■ **What the exercise asks**
Both the line with "النوع الأول: بيان" and the line with "进化算法 群体智能 机器学习" in the records below must appear in the output, along with every line between them, exactly and with nothing added.

■ **Data records**
╭──

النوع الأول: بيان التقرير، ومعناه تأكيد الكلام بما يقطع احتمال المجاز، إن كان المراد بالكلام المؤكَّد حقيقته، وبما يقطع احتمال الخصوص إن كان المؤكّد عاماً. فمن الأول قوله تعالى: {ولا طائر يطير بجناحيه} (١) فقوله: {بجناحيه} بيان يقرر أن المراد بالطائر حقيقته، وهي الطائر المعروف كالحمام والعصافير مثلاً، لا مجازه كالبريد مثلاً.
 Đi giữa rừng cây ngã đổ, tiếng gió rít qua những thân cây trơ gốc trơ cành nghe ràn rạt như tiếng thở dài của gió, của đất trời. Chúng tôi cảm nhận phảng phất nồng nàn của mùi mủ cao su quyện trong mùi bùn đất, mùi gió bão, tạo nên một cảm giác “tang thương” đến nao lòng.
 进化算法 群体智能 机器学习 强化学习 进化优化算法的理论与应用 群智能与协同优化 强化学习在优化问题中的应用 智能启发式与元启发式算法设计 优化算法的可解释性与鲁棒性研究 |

╰──
╭──

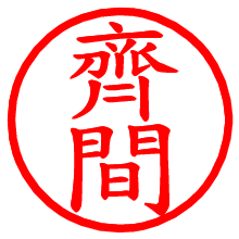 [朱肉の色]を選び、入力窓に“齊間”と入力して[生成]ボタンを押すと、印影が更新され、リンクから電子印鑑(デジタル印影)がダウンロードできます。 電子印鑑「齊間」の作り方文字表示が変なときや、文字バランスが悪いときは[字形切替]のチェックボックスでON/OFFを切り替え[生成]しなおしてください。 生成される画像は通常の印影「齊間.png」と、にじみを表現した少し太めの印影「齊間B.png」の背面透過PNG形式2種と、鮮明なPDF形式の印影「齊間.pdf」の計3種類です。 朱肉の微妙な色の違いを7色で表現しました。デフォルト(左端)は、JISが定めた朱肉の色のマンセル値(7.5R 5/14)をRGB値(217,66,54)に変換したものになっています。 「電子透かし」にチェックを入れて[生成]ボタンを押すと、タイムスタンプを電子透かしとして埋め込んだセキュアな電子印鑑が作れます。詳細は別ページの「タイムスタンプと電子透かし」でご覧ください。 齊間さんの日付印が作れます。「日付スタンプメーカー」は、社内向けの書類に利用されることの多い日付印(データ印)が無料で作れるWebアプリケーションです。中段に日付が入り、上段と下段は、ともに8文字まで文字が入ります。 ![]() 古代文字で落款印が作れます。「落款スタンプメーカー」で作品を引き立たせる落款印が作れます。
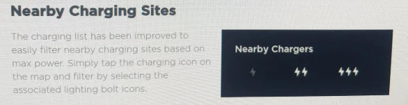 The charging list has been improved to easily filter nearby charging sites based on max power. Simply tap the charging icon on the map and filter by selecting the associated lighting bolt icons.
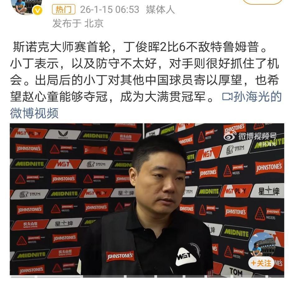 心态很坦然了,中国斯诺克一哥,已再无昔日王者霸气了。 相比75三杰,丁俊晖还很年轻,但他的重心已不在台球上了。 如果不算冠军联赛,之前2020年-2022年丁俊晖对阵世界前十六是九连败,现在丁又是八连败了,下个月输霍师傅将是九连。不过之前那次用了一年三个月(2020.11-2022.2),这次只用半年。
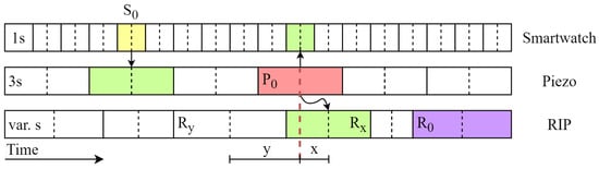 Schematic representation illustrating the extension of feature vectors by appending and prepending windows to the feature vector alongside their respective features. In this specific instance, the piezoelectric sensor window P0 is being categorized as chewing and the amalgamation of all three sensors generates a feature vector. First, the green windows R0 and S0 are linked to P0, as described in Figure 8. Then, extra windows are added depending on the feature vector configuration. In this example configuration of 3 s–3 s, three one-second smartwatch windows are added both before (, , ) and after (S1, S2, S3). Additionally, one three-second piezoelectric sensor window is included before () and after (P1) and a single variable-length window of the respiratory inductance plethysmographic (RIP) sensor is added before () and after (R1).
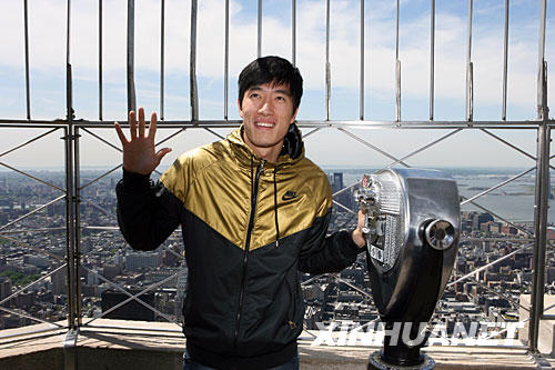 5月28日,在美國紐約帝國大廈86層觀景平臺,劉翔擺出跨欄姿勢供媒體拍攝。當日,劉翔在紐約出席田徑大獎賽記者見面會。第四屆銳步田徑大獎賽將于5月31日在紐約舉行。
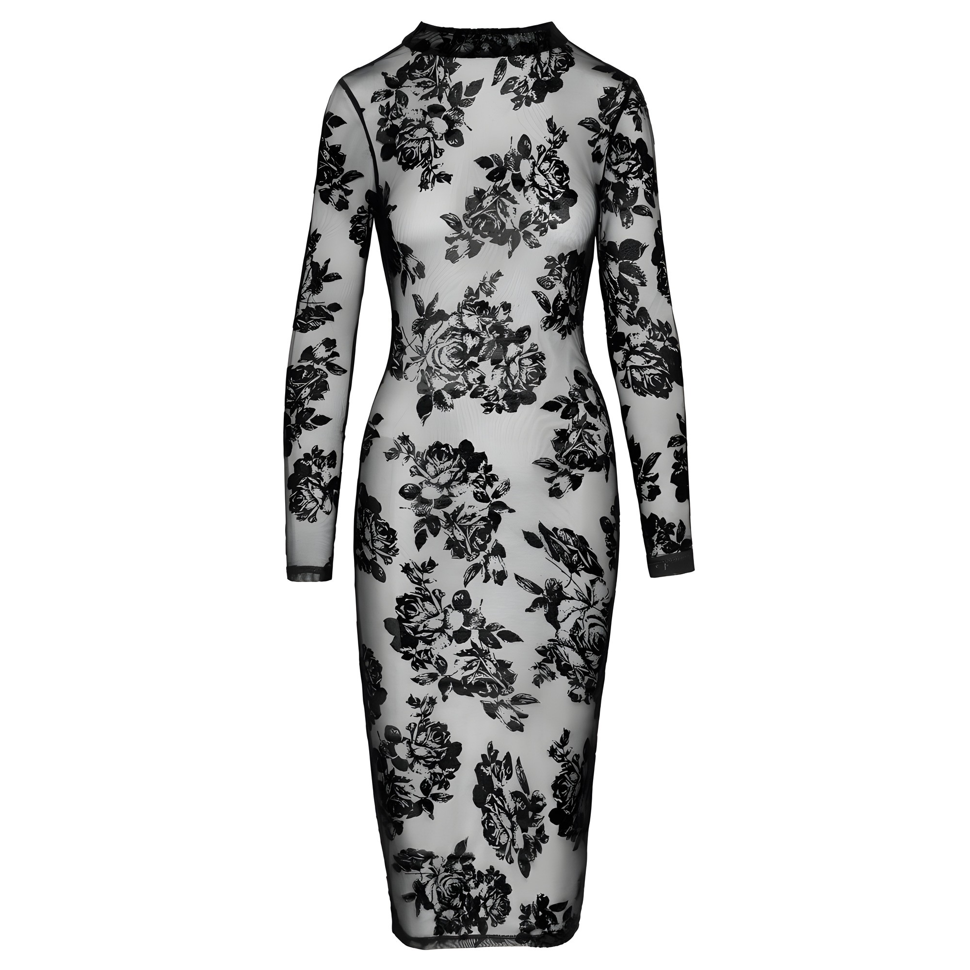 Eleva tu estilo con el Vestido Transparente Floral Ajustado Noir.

╰──
╭──

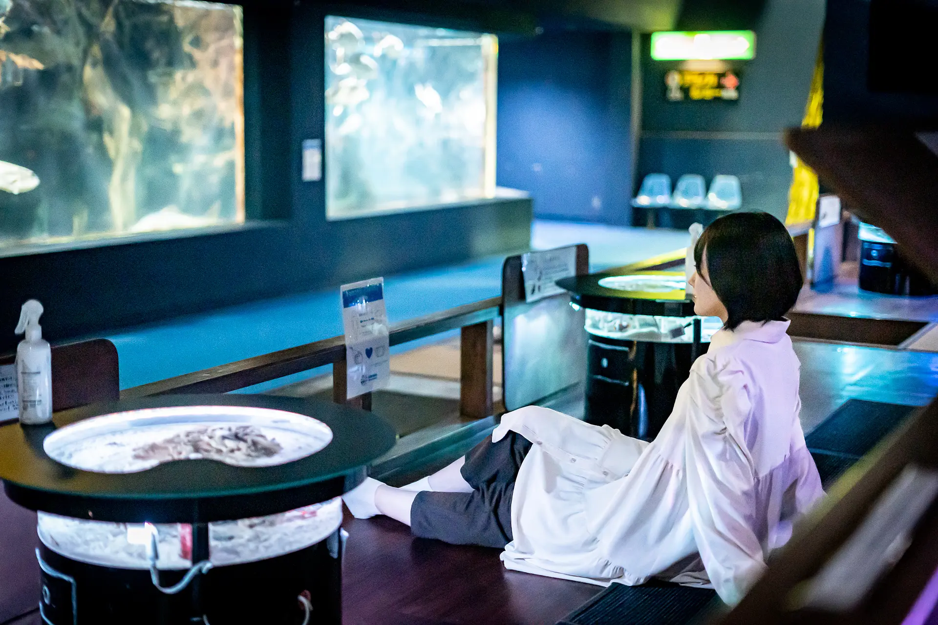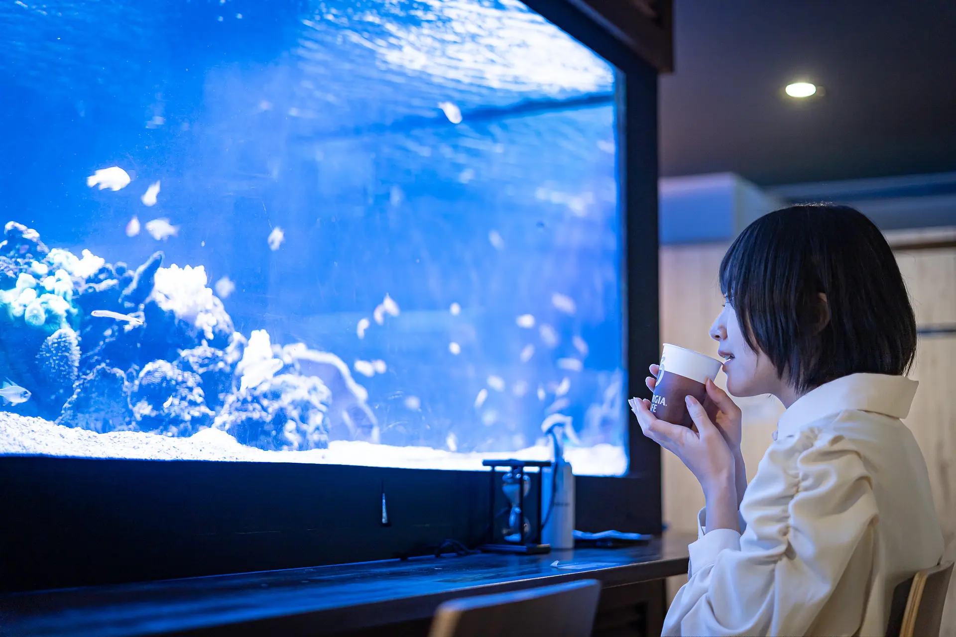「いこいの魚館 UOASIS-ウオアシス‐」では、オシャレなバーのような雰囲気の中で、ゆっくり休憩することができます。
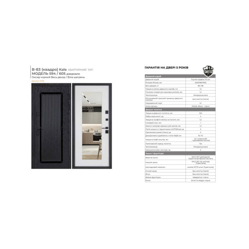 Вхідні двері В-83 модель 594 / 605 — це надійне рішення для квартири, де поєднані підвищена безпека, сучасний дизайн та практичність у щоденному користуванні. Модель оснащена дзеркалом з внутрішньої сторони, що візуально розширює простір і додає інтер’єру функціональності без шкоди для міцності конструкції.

╰──

■ **Written response**
النوع الأول: بيان التقرير، ومعناه تأكيد الكلام بما يقطع احتمال المجاز، إن كان المراد بالكلام المؤكَّد حقيقته، وبما يقطع احتمال الخصوص إن كان المؤكّد عاماً. فمن الأول قوله تعالى: {ولا طائر يطير بجناحيه} (١) فقوله: {بجناحيه} بيان يقرر أن المراد بالطائر حقيقته، وهي الطائر المعروف كالحمام والعصافير مثلاً، لا مجازه كالبريد مثلاً.
 Đi giữa rừng cây ngã đổ, tiếng gió rít qua những thân cây trơ gốc trơ cành nghe ràn rạt như tiếng thở dài của gió, của đất trời. Chúng tôi cảm nhận phảng phất nồng nàn của mùi mủ cao su quyện trong mùi bùn đất, mùi gió bão, tạo nên một cảm giác “tang thương” đến nao lòng.
 进化算法 群体智能 机器学习 强化学习 进化优化算法的理论与应用 群智能与协同优化 强化学习在优化问题中的应用 智能启发式与元启发式算法设计 优化算法的可解释性与鲁棒性研究 |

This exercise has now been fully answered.